Why Not Auto-Wrap Datasets Automatically?

d9d provides explicit composable wrappers rather than relying on implicit "magic" or automatic Sampler injection often found in other frameworks.

Flexible Composition and Order-of-Operations: The behavior of a data pipeline changes significantly depending on the order of composition. By stacking wrappers manually, you control the data flow logic:
Granular Configuration: Different datasets have different physical constraints that require specific configurations. A dataset loaded from network storage might require contiguous reads to be performant (ShardIndexingMode.chunked), while an in-memory dataset might prefer round-robin access (ShardIndexingMode.sequential). Explicit wrappers ensure that these configuration options are exposed to the user rather than buried in global trainer arguments.

Features

Smart Bucketing

In NLP and Sequence processing, batches often contain items of varying lengths. Standard random sampling forces the batch to be padded to the length of the longest sequence, wasting computational resources on padding tokens.

BufferSortedDataset implements a "Smart Bucketing" strategy that ensures that items within a specific micro-batch have similar lengths (minimizing padding), while the order of micro-batches remains random enough to preserve training stability.

Usage Example

To use BufferSortedDataset, your underlying dataset must implement the DatasetImplementingSortKeyProtocol (i.e., it must have a sort_key(index) method).

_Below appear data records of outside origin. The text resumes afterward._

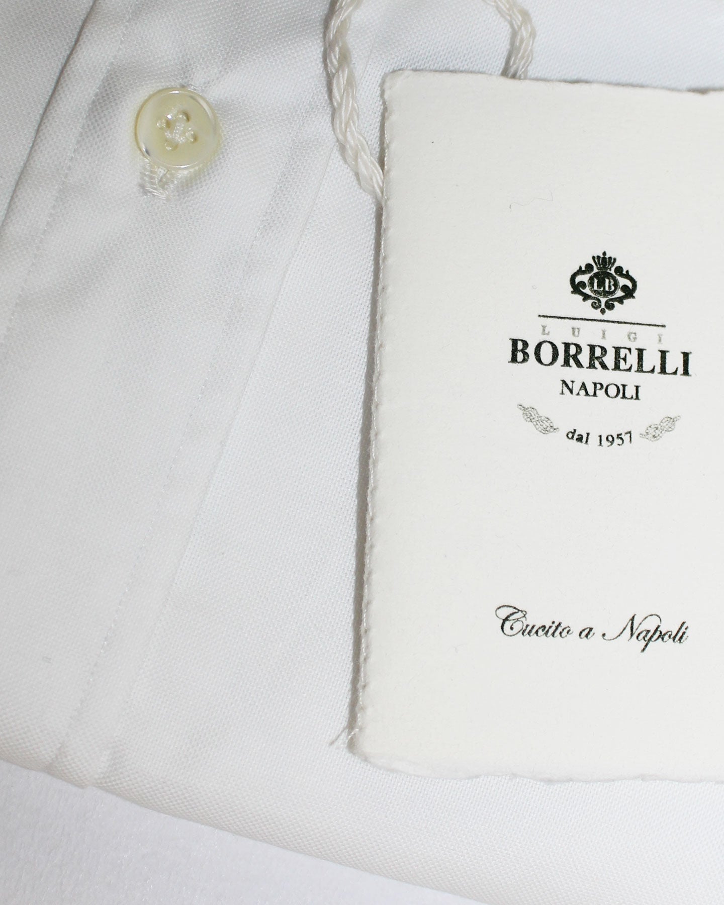 Authentic Luigi Borrelli button down shirt, modern fit, white, cotton, sartorial, 8 steps by hand, made in Napoli, Italy. Shop the sartorial dress shirts and ties of the Luigi Borrelli men collection. Shop button down shirts.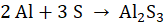 Potrzebne są dwa mole atomów glinu i trzy mole atomów siarki, aby otrzymać jeden mol siarczku glinu.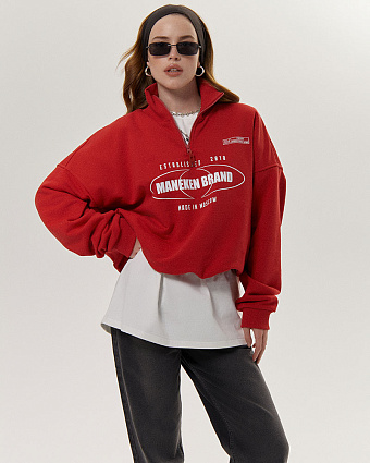Вдохновленный олимпийками свитшот имеет воротник-стойку с короткой молнией, которая позволяет регулировать уровень комфорта по погоде, добавляет спортивный акцент и современный стиль.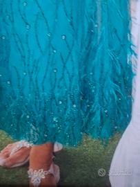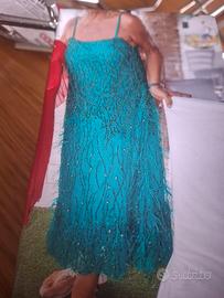 vendo abito da cerimonia sartoriale interamente cucito a mano in quanto tempestato di pietre e piume e foderato. Taglia 48 vestibilità confortevole tessuto che non sgualcisce.Adatto per una cerimonia o semplicemente per un ' occasione nella quale non vogliate passare inosservate .Indossato una sola volta quindi in ottimo stato.
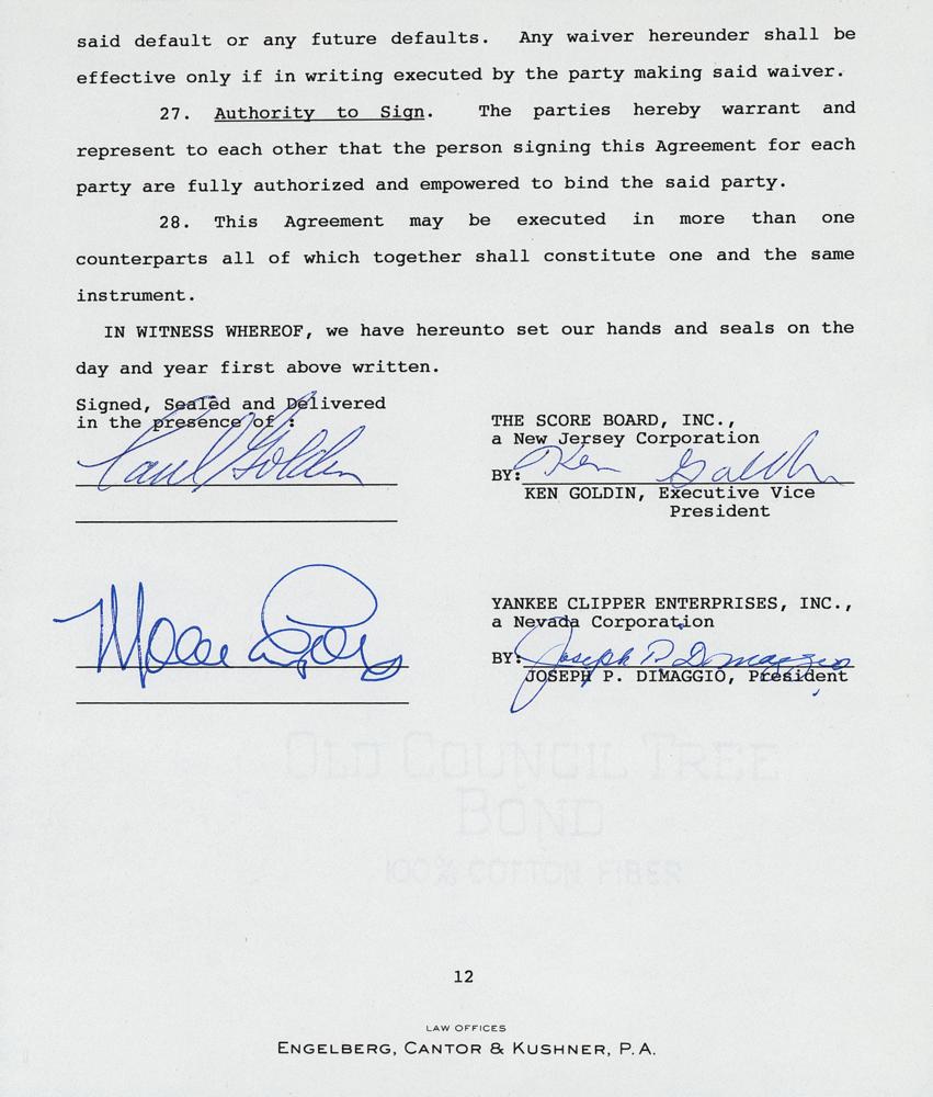 DS, signed “Joseph P. DiMaggio,” twelve pages, 8.5 x 11, October 17, 1991. Agreement between DiMaggio and Score Board "to sign personal autographs on baseballs and photos/flats (limited to 8″ x 10″ and 11″ x 14″), and to appear, at YCE's sole and exclusive option, on Shop-at-Home T.V. Networks." For his efforts in signing 43,200 items during the two-year contract period, DiMaggio is to receive a minimum of $5,940,000. Signed at the conclusion in ink by DiMaggio, Score Board executive Ken Goldin, and two witnesses. In fine condition.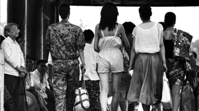 An old lady looks on as some young women take a stroll in Longtan Lake Park, Beijing, in 1986. WANG WENLAN/CHINA DAILY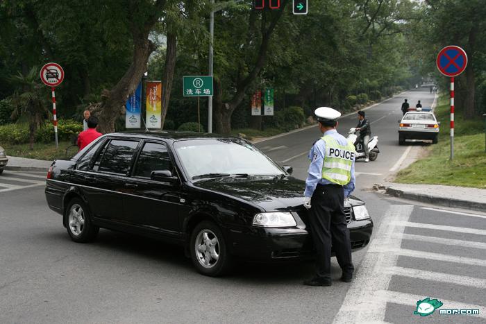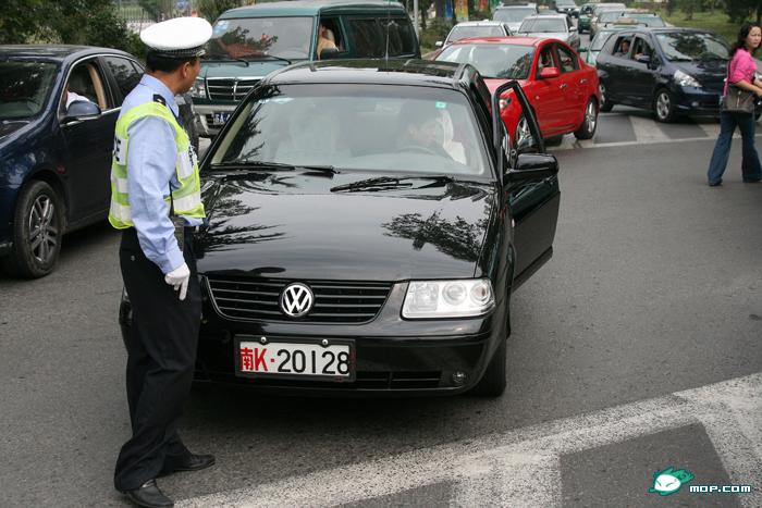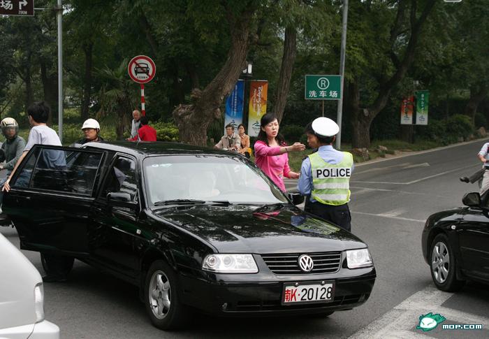 午10点路过南京中山陵前湖路口,看见一挂军牌车辆逆向闯红灯被交警阻拦!军车不听劝告!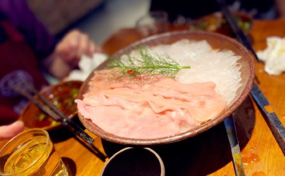 [薄荷]环境: 都是长条凳,方桌。人多的话,可以分2桌坐。否则可能有点挤 按照人头算的油碟,有不吃辣的,所以就点了鸳鸯锅,菜品基本还是蛮实惠的,人多吃还是蛮划算的。点了蛮多,感觉贡菜很爽口好吃😋 牛肉啥的很嫩,油碟配辣锅很解辣[调皮][调皮]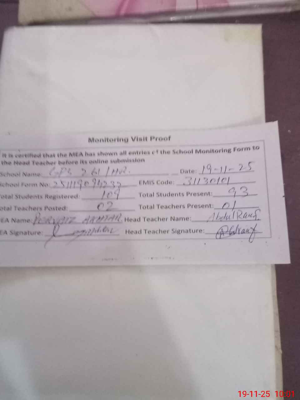 | Attendance Register | Head Teacher | MEA with School | Visit Proof |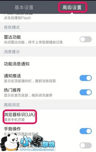 2、然后,进入设置里面的【高级设置】,找到浏览器标识选项。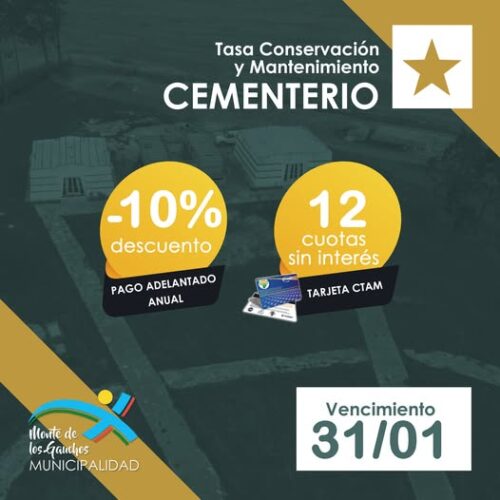 24 enero, 2025La Municipalidad de Monte de los Gauchos te recuerda que el viernes 31 de enero vence la Tasa de Conservación y Mantenimiento de Cementerio. Podés pagarla accediendo a estos beneficios […]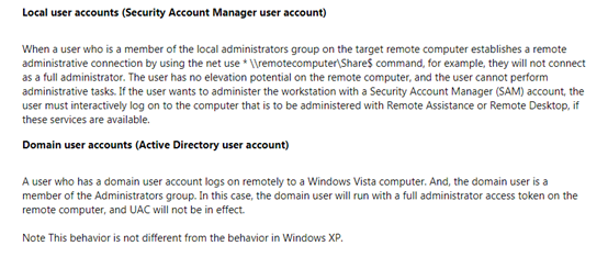 根据微软官方关于远程访问和用户帐户控制的相关文档可以了解到,UAC为了更好的保护Administrators组的帐户,会在网络上进行限制。https://support.microsoft.com/en-us/help/951016/description-of-user-account-control-and-remote-restrictions-in-windows

from torch.utils.data import DataLoader
from torch.utils.data import Dataset
from d9d.dataset import BufferSortedDataset

class MyTextDataset(Dataset):
    def __init__(self, data: list[str]):
        self.data = data # list of strings

    def __len__(self):
        return len(self.data)

    def __getitem__(self, index):
        return self.data[index]

    # ! You need to implement this one \/ !
    def sort_key(self, index):
        return len(self.data[index])

# Create Base Dataset
raw_data = ["short", "very very very long phrase", "tiny", "medium size"] * 100
base_ds = MyTextDataset(raw_data)

# Wrap with Smart Bucketing
# - buffer_size=100: Look at 100 items at a time to find similar lengths
# - pack_size=4: Group them into batches of 4
sorted_ds = BufferSortedDataset(
    base_dataset=base_ds,
    buffer_size=100,
    pack_size=4,
    init_seed=42
)

Sharding

When using Data Parallelism, each GPU processes a subset of the data. ShardedDataset provides a deterministic view of a specific shard of the data based on the rank (shard ID).

It supports:

Sequential Sharding: Round-robin distribution (0, 4, 8... for rank 0).
Chunked Sharding: Contiguous blocks (0, 1, 2... for rank 0).
Optional Padding: Ensuring all shards have exactly the same length. This is critical for distributed training loops where uneven dataset sizes can cause process hangs.

Usage Example

import torch
from torch.utils.data import TensorDataset
from d9d.core.dist_context import DistributedContext, BATCH_DOMAIN
from d9d.dataset import ShardedDataset, ShardIndexingMode

# You can infer your Data Parallel size and rank from DistributedContext object 
context: DistributedContext
batch_mesh = context.mesh_for(BATCH_DOMAIN)
dp_size = batch_mesh.size('dp')
dp_rank = batch_mesh.get_local_rank('dp')

# Create Full Dataset
base_ds = TensorDataset(torch.randn(100, 10))

# Shard it
sharded_ds = ShardedDataset(
    dataset=base_ds,
    total_shards=dp_size,
    current_shard=dp_rank,
    indexing_mode=ShardIndexingMode.chunked,
    # Crucial for preventing distributed hangs
    pad_to_equal_size_across_shards=True 
)

print(f"I am rank {dp_rank}, I see {len(sharded_ds)} items.")

`d9d.dataset`

This package provides utilities and torch.utils.data.Dataset implementations.

`BufferSortedDataset`

Bases: Dataset[_T_co], Stateful

A dataset wrapper that groups items into buffers, sorts them, and yields them with local shuffling.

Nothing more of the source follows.